Man pages are documentation to help the user. Typer is smart to convert your functions and their inputs into detailed man pages. It’ll list out all the available commands, arguments, and options.
You can access the Typer-generated man pages with the suffix – -help.
python app.py --help
You can access the man page of a specific command as well:
python app.py elbow --help
If you need to give the user more information, you can use a multi-line comment at the beginning of the function. Typer will display them on the help page.
@app.command()
def elbow(file_path: str, max_clusters: int = 10):
"""
This command will run K-Means algorithm many times and print the inertia values to the console.
"""
...
Conclusion
In this article, we created a CLI to aid interaction with machine learning models. You can extend these techniques beyond data science projects. A CLI could handle any user interaction.

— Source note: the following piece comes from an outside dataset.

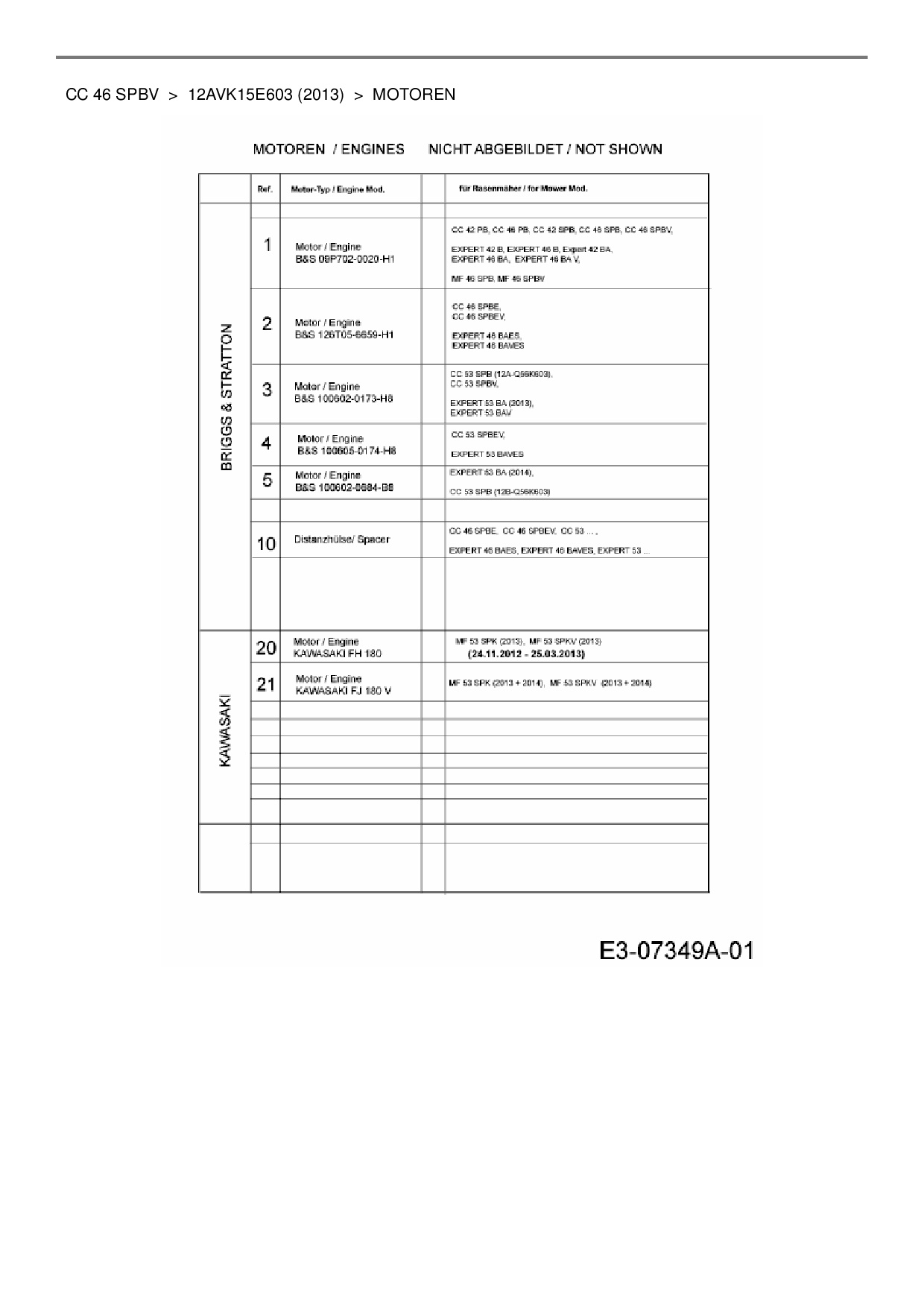 Ersatzteile für Motormäher mit Antrieb Cub Cadet CC 46 SPBV aus der Zeichnung Motoren: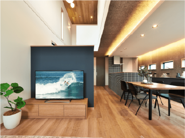 LDKと空間を縦にセパレートすることにより、程よい独立感を実現しました。家族と同じ空間に居ながら、集中できるスペースはリモートワークに最適です。

Although we’ve used Python to generate CLIs, you may use it to run other programs as well. In such cases, you may have to use either subprocess, HTTP, or a message broker.
CLIs are a quick fix for a crucial problem. You can build one if developing a web portal or other solutions aren’t a good fit. Also, you don’t have to worry about unforeseeable events like server downtime. It makes CLIs a robust alternative to consider.
With Typer, a minimalistic Python library, we created
- CLI commands to interact with the K-Means algorithm;
- colorful messages on a terminal window;
- a progress bar to keep the user informed and;
- command-line documentation to educate the user.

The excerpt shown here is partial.